Very few financial advisors are
yet mentally prepared to commit large portions of allocation models to
commodities futures. But it’s a goal to work toward, and here are specific
ideas:
-
For the broadest exposure to the greatest variety of futures contracts, allocate
with DJP, GSP, or GSG.
-
DBC is an attractive “one-solution” tool for implementing commodities futures
into asset allocations, for two reasons. Compared to DJP, GSP or GSG, it weights
components closer to the equal-weight methodology advocated by Erb & Harvey for
maximizing diversification benefit. Also, it has the potential to increase roll
yield if Deutsche Bank’s OY formula proves successful over time.
-
The Deutsche Bank-Powershares ETFs focused on specific futures complexes (DBB,
DBA, DBE) can be useful in tactically adjusting commodities exposure. They also
can be used to tailor allocations to specific client preferences for base
metals, food and energy, respectively.
-
As an energy-only mixed ETF, DBE can be especially valuable in helping clients
hedge against higher oil and gasoline prices, and higher inflation rates in
general. Add DBA to the mix if clients are worried about increases in food
prices.
The Big Picture
For both stocks and commodities
futures, cycles of opportunity historically have lasted decades. For example,
U.S. stocks enjoyed a bull market from 1950 through 1972 and then another strong
run from 1980 through 2000. However, it is possible that the U.S. stock market
is now buried in a bear market that began in 2000 and may last a decade or more.

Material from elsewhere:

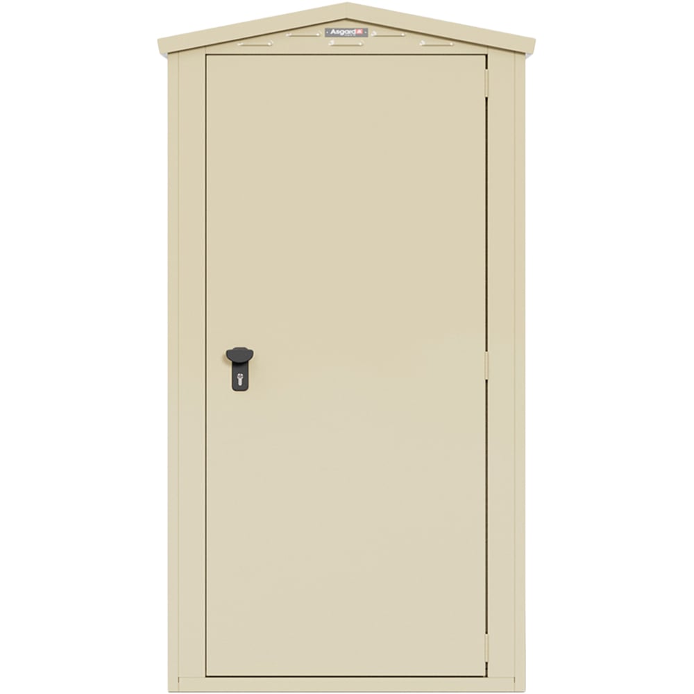 The Asgard Sentry E-Bike storage shed is a 100% British-made, all-metal, secure bike shed, providing secure bike storage for up to two bikes and all manner of cycling equipment. Featuring a multipoint pick and drill resistant locking system, this compact all-metal bike locker offers superior, professional-level bike security and is the ideal secure bike store for all types of mountain bikes, road bikes, and general cycling equipment. The Sentry locker is built from our thick, galvanised (weatherproof) steel panels and features an integral metal floor, an electrical mounting point for adding power, and convenient large single door access. The roof is sloped, allowing rain to drain away into a guttering system (not supplied). This fully ventilated bike shed has been designed to minimise condensation thanks to the integral ventilation system helping to maintain internal air flow, while remaining secure. The unit comes with a hanging bike rack.

Commodities futures had one
strong run from 1971 through 1982 and another that began in 2002. While it is
possible that this commodity up-cycle ended in mid 2008, it is not likely for
three reasons: 1) massive liquidity has recently been created by central banks
and governments around the world and it may wash back into higher inflation in
the years ahead; 2) the U.S. dollar remains vulnerable to downward pressure,
especially against the “universal currency” of gold; and 3) economies of
emerging markets (especially in Asia) may rebound from the current economic
downturn faster than the U.S., refueling demand for scarce commodities.
All of these points reinforce
the case that we may still be in a golden age of commodities, well before the
next golden age of equities begins. Help your clients navigate these difficult
times with low-correlation global asset allocation strategies designed to take
advantage of innovation and opportunity.